8. A method as claimed in claim 3, wherein providing a plurality of possible topics in the form of topic nodes in a hierarchy of topics includes providing a list of possible forms of reference for each topic .
9. A method as claimed in claim 3, wherein determining the appropriate topic node includes disambiguating references to a topic.
10. A method as claimed in claim 9, wherein disambiguating references to a topic is carried out by applying heuristics to each reference to a topic including one or more of:
evaluating the words surrounding a reference;
applying additional information stored in relation to predefined references; and
evaluating a context of the reference in the document.
11. A method as claimed in claim 1, wherein the topics are geographic topics and the topic hierarchies include encompassing regions.
12. A system for determining the focus of a document, comprising:
means for providing candidate topics in the form of topic nodes in a hierarchy of topics;
means for allocating a score for each candidate topic node to the topic of each level of the hierarchy of the topic node;
means for summing the scores for each topic; and
means for determining one or more topics as the focus of the document based on the scores.
13. A system as claimed in claim 12, wherein the means for allocating a score to the topic of each parent level of the hierarchy of the topic node allocates a progressively lower score for the topic of each parent level of the hierarchy of the topic node.
14. A system as claimed in claim 12, wherein the system includes:
means for identifying occurrences of references to a topic in a document;
a record of a plurality of possible topics in the form of topic nodes in a hierarchy of topics;
means for determining, for each identified occurrence of a reference to a topic, the appropriate topic node in the record; and
means for adding the topic node to the candidate topics.

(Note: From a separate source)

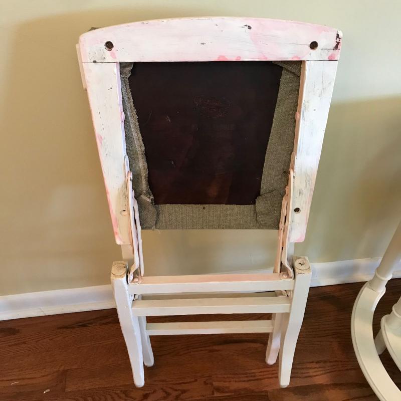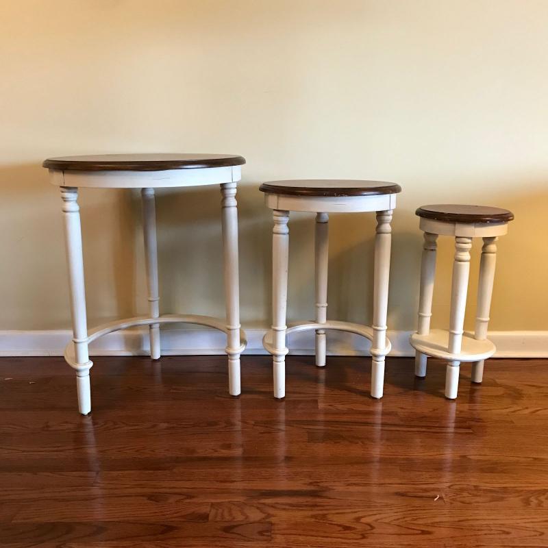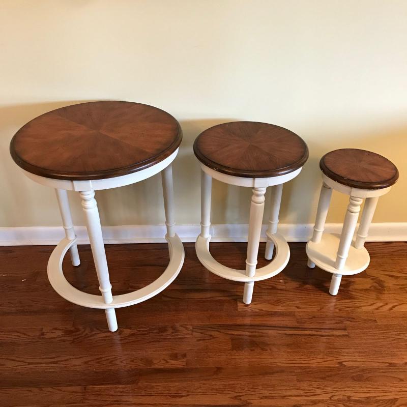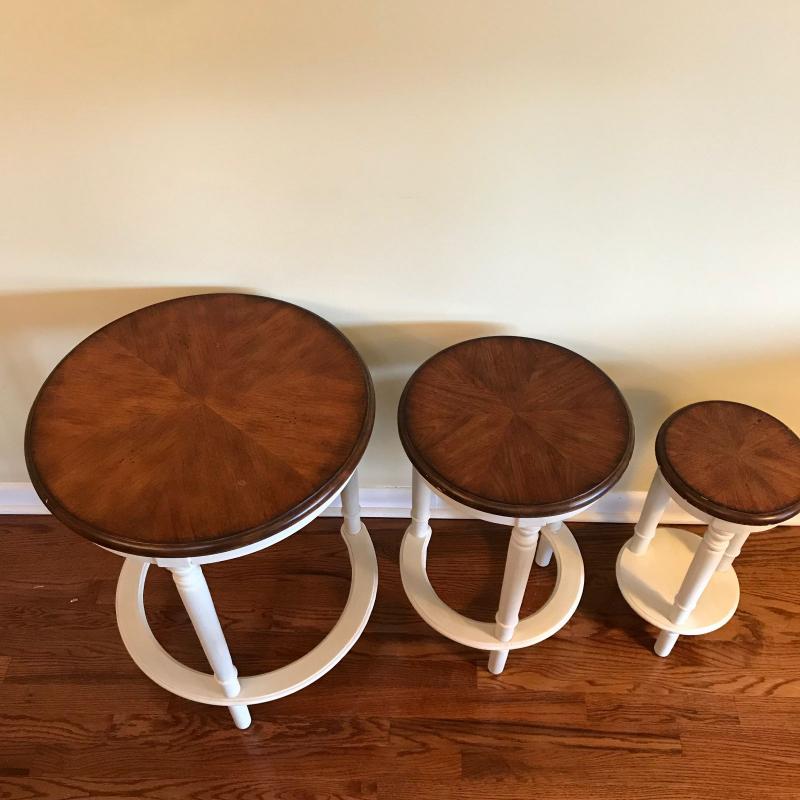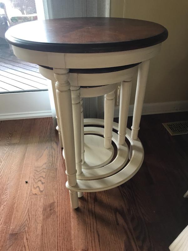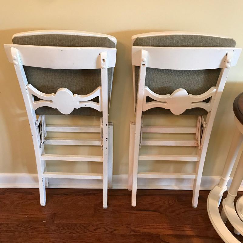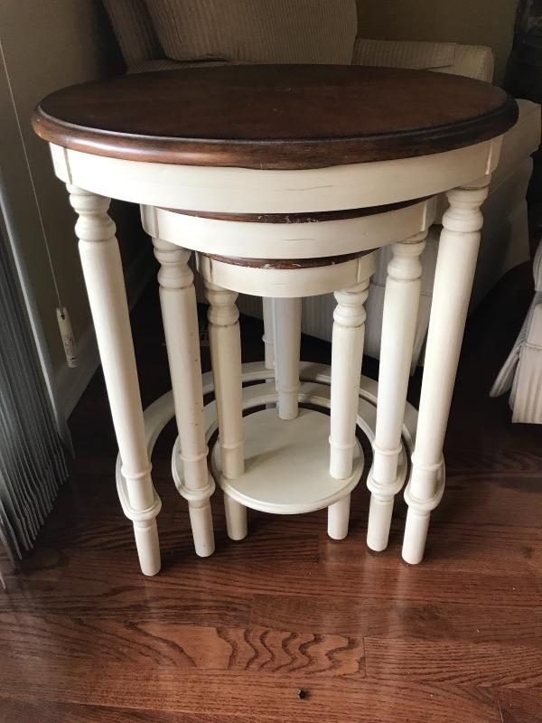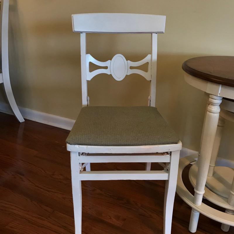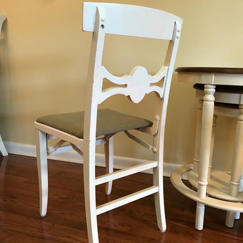 Three nesting tables in unique design. Largest measures 20.5” x 26”h. Lot also includes two cute folding chairs for extra seating that are wooden with cushion seat. No shipping.

15. A system as claimed in claim 14, wherein the means for determining for each identified occurrence of a reference to a topic, the appropriate topic node includes means for providing an indication of the level of confidence that the reference relates to the topic node and the means for allocating a score is based on the level of confidence .
16. A system as claimed in claim 12, wherein the means for determining one of more topics as the focus of the document includes means for selecting a predetermined number of topics with the highest scores.
17. A system as claimed in claim 12, wherein the means for determining one of more topics as the focus of the document includes means for selecting topics with a score above a predetermined threshold.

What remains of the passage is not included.